• TASK TO COMPLETE
From the data below, return only the lines from the one with "Den store rullebare" through the one with "요양보호사 구인구직 정보는", exact and inclusive, with pictures left out.

• TASK DATA
=== Section Start ===
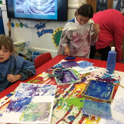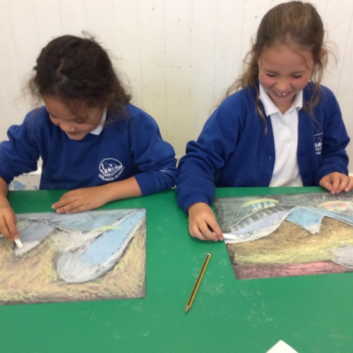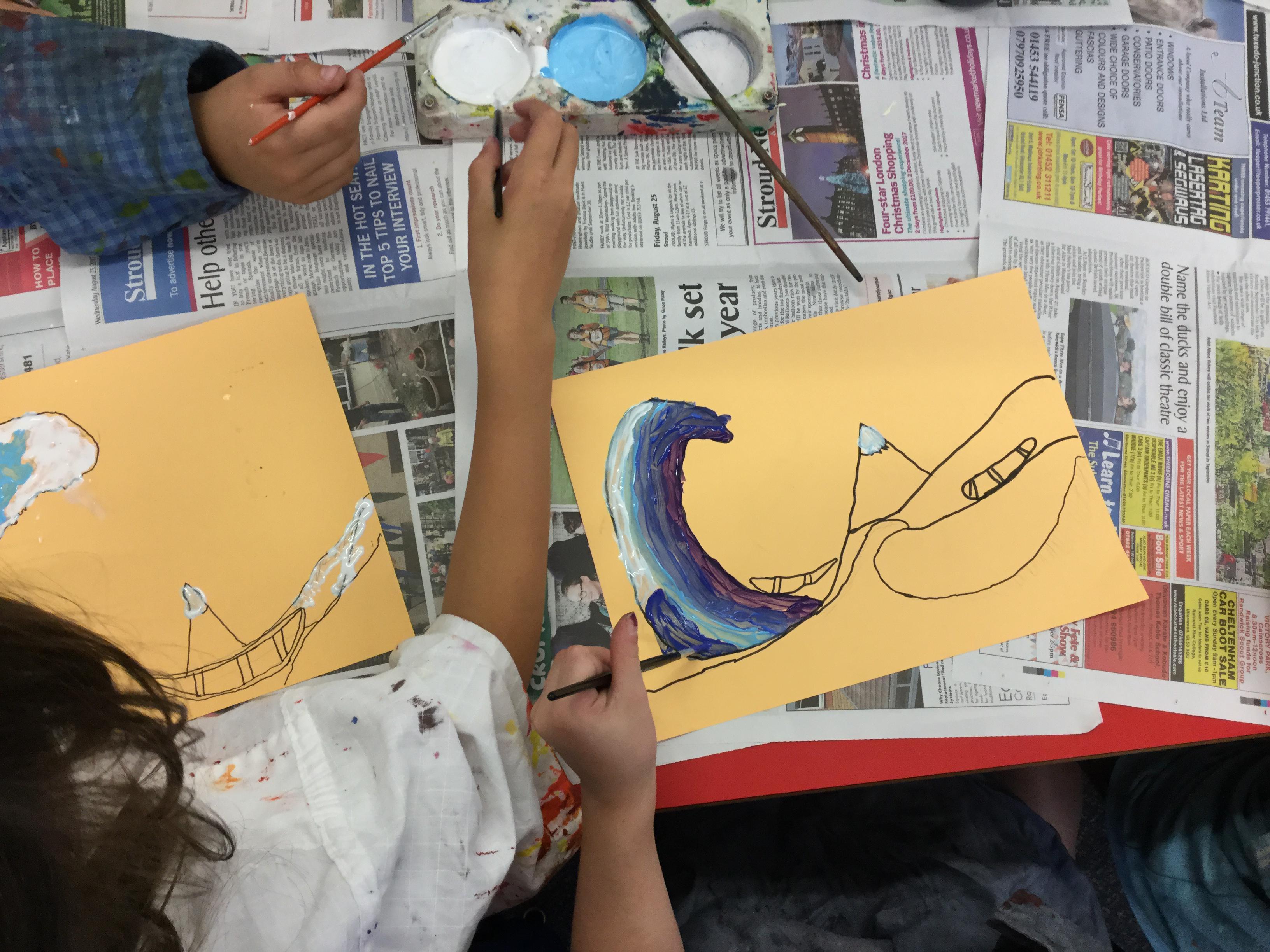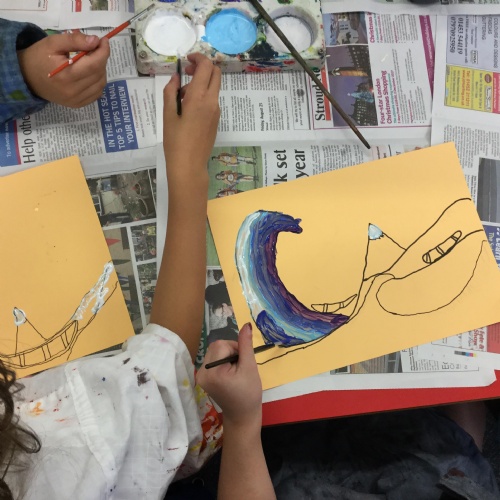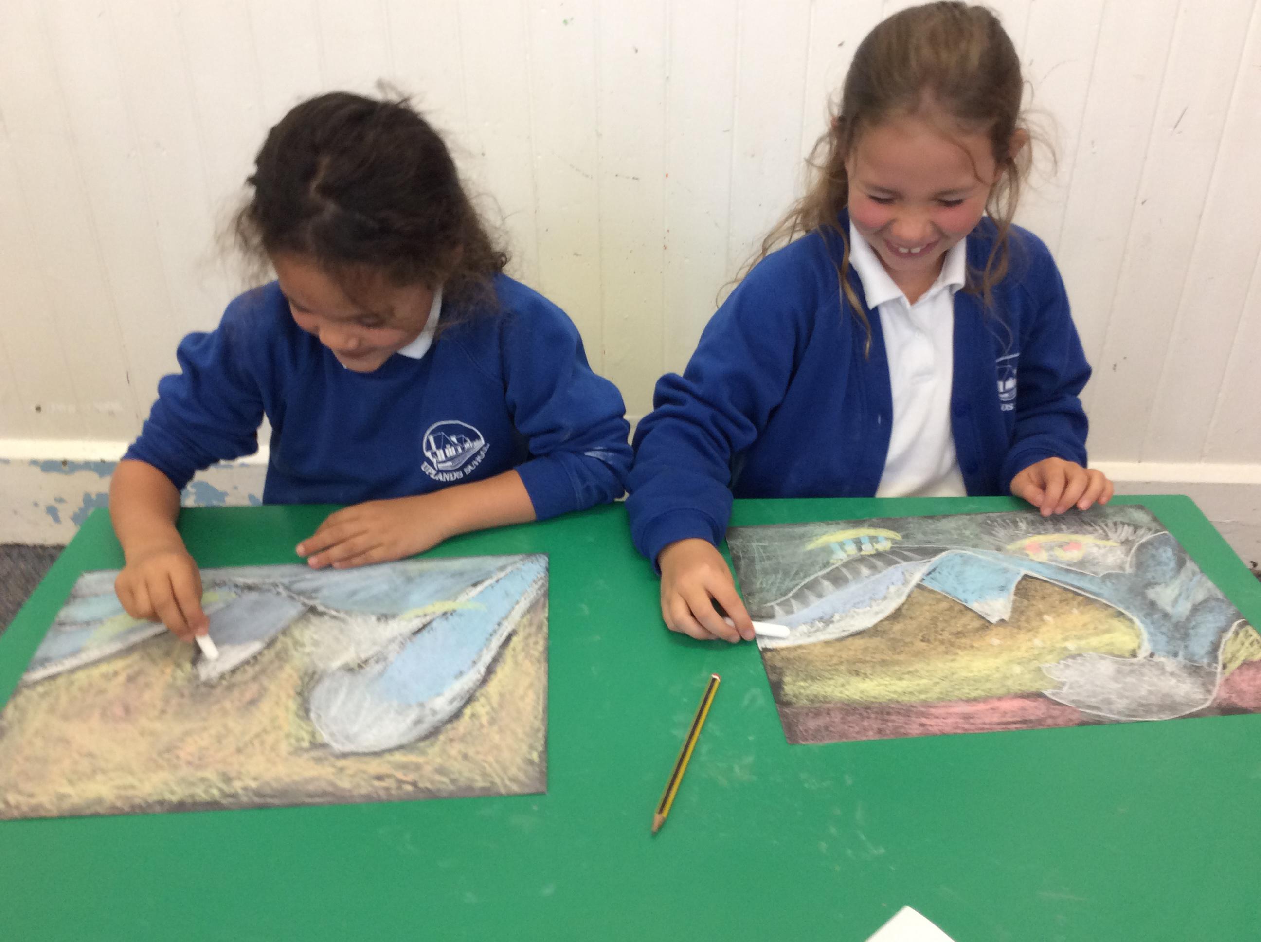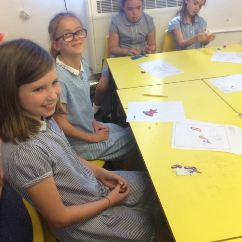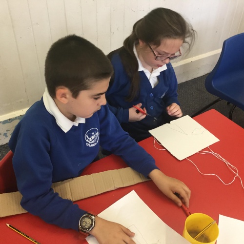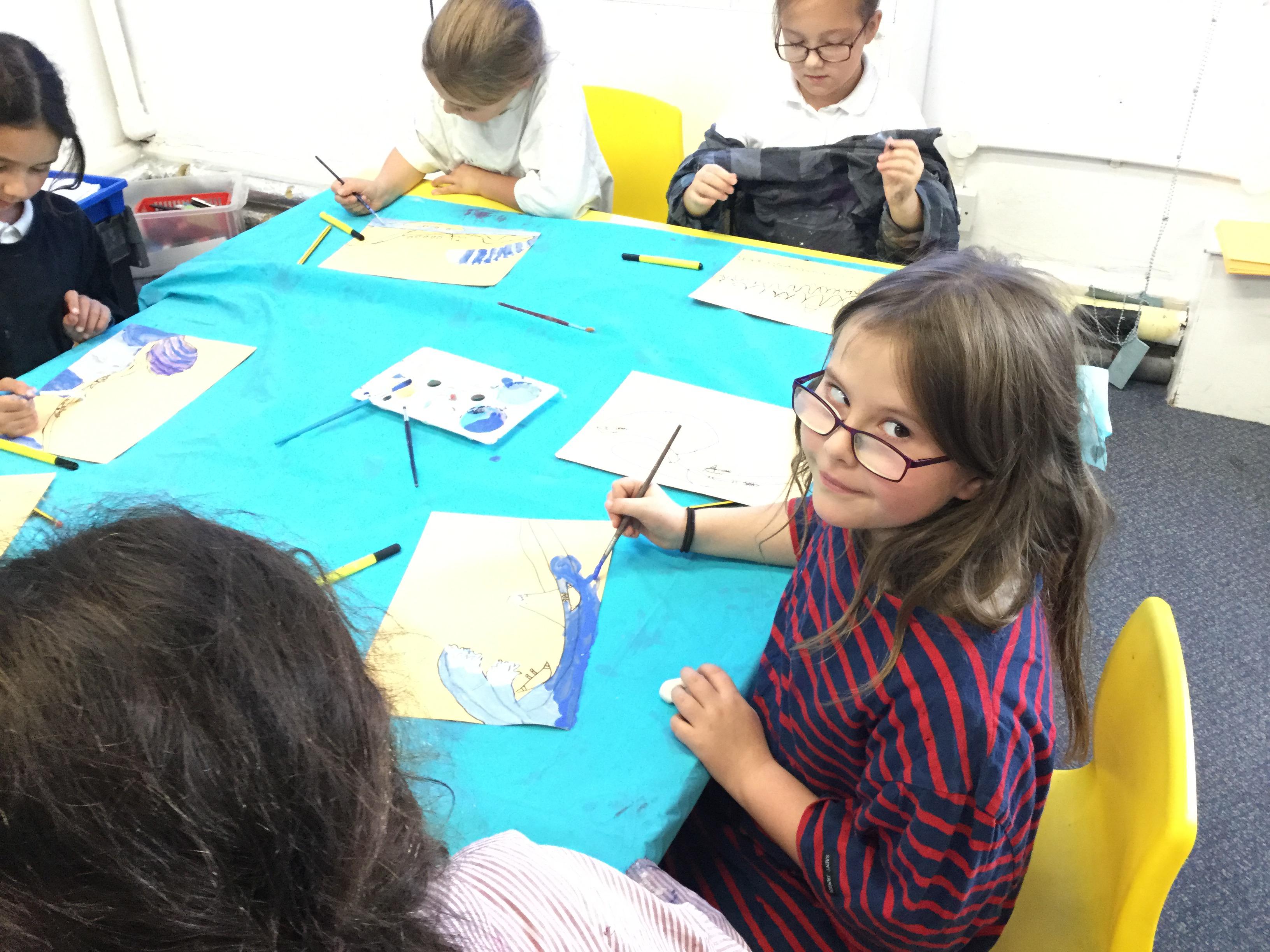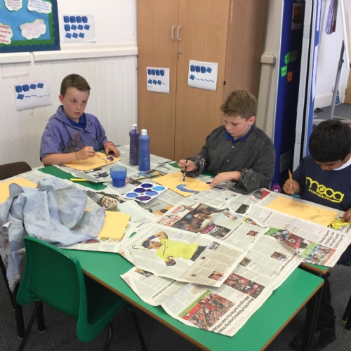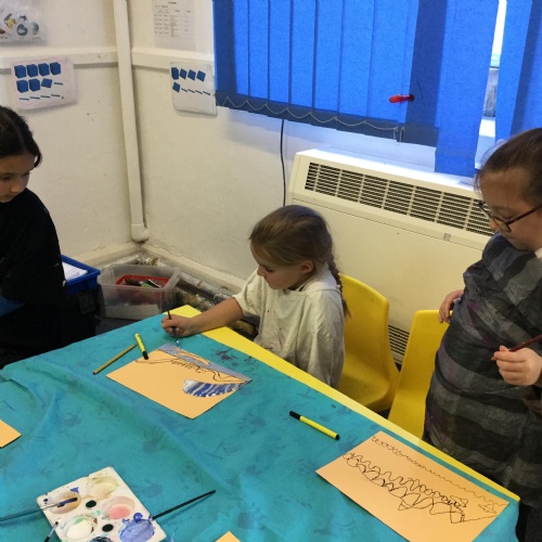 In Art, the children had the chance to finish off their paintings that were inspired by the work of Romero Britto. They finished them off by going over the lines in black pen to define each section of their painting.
=== Section End ===
=== Section Start ===
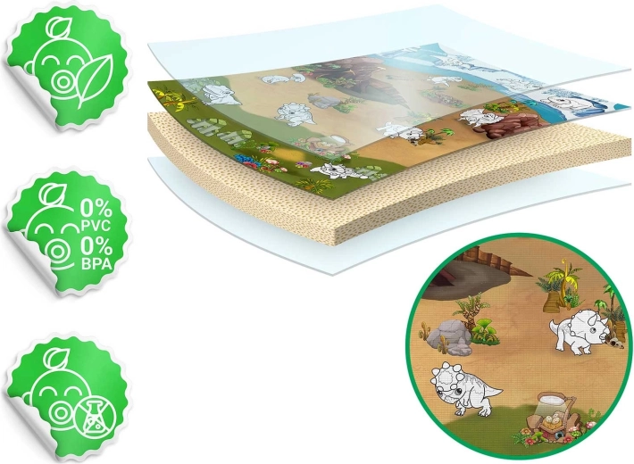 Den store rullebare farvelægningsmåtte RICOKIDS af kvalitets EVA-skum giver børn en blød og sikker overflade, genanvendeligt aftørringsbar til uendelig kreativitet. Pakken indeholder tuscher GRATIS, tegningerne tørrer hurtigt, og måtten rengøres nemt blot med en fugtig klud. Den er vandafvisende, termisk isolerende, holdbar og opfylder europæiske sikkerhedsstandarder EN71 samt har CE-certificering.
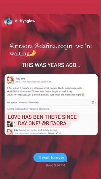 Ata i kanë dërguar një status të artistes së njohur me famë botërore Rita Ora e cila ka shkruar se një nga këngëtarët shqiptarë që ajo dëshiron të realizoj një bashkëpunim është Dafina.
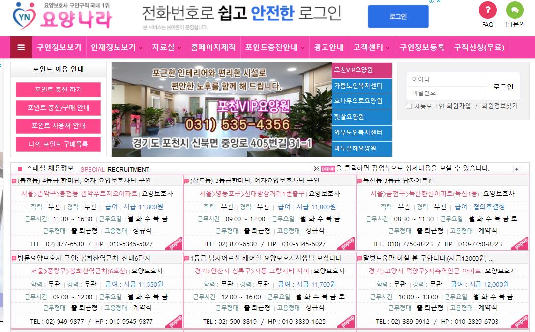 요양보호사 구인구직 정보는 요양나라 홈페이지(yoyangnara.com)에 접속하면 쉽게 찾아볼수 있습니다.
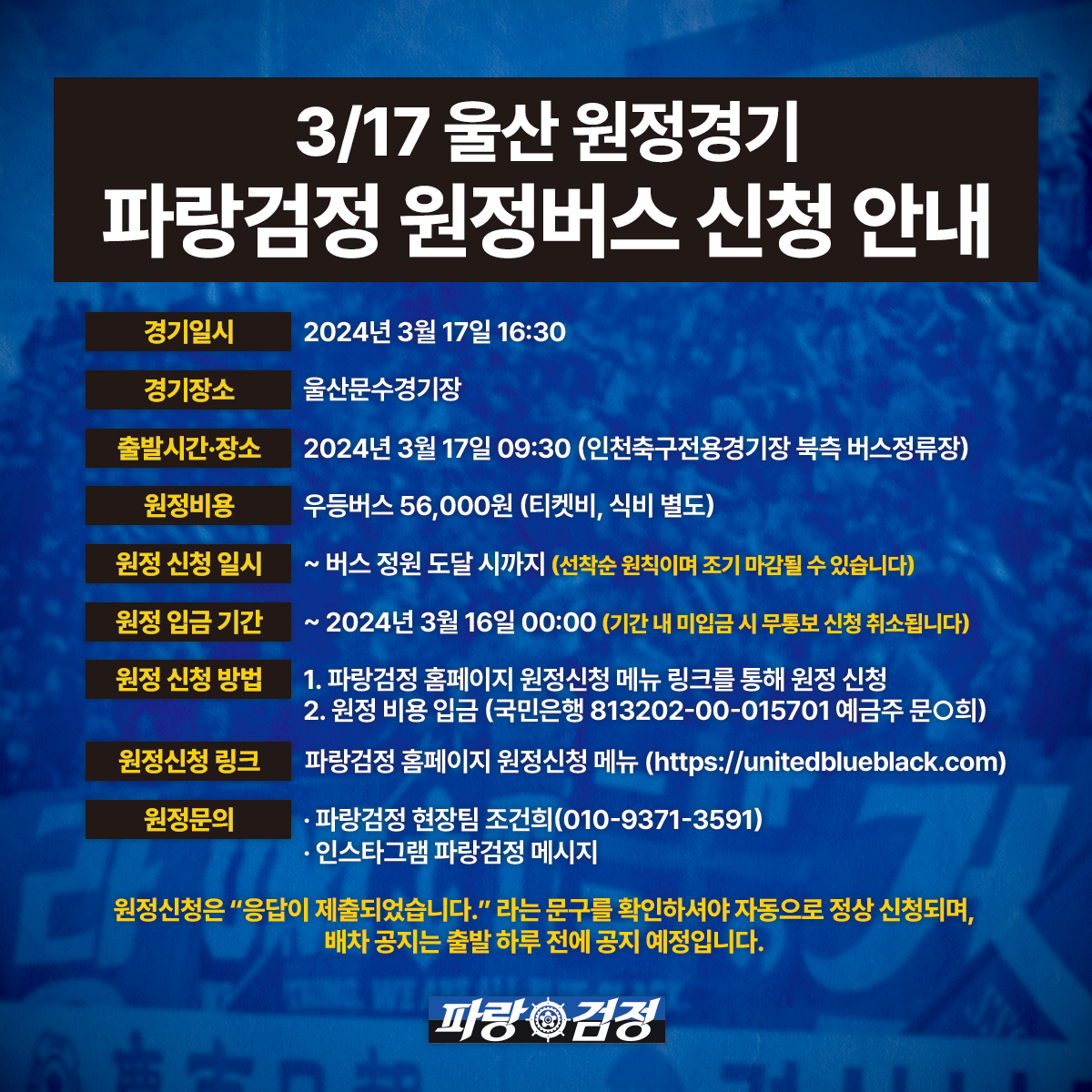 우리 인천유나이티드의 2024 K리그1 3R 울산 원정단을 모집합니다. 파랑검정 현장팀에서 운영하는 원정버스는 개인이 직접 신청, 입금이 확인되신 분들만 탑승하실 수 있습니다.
=== Section End ===
• YOUR SOLUTION
 Den store rullebare farvelægningsmåtte RICOKIDS af kvalitets EVA-skum giver børn en blød og sikker overflade, genanvendeligt aftørringsbar til uendelig kreativitet. Pakken indeholder tuscher GRATIS, tegningerne tørrer hurtigt, og måtten rengøres nemt blot med en fugtig klud. Den er vandafvisende, termisk isolerende, holdbar og opfylder europæiske sikkerhedsstandarder EN71 samt har CE-certificering.
 Ata i kanë dërguar një status të artistes së njohur me famë botërore Rita Ora e cila ka shkruar se një nga këngëtarët shqiptarë që ajo dëshiron të realizoj një bashkëpunim është Dafina.
 요양보호사 구인구직 정보는 요양나라 홈페이지(yoyangnara.com)에 접속하면 쉽게 찾아볼수 있습니다.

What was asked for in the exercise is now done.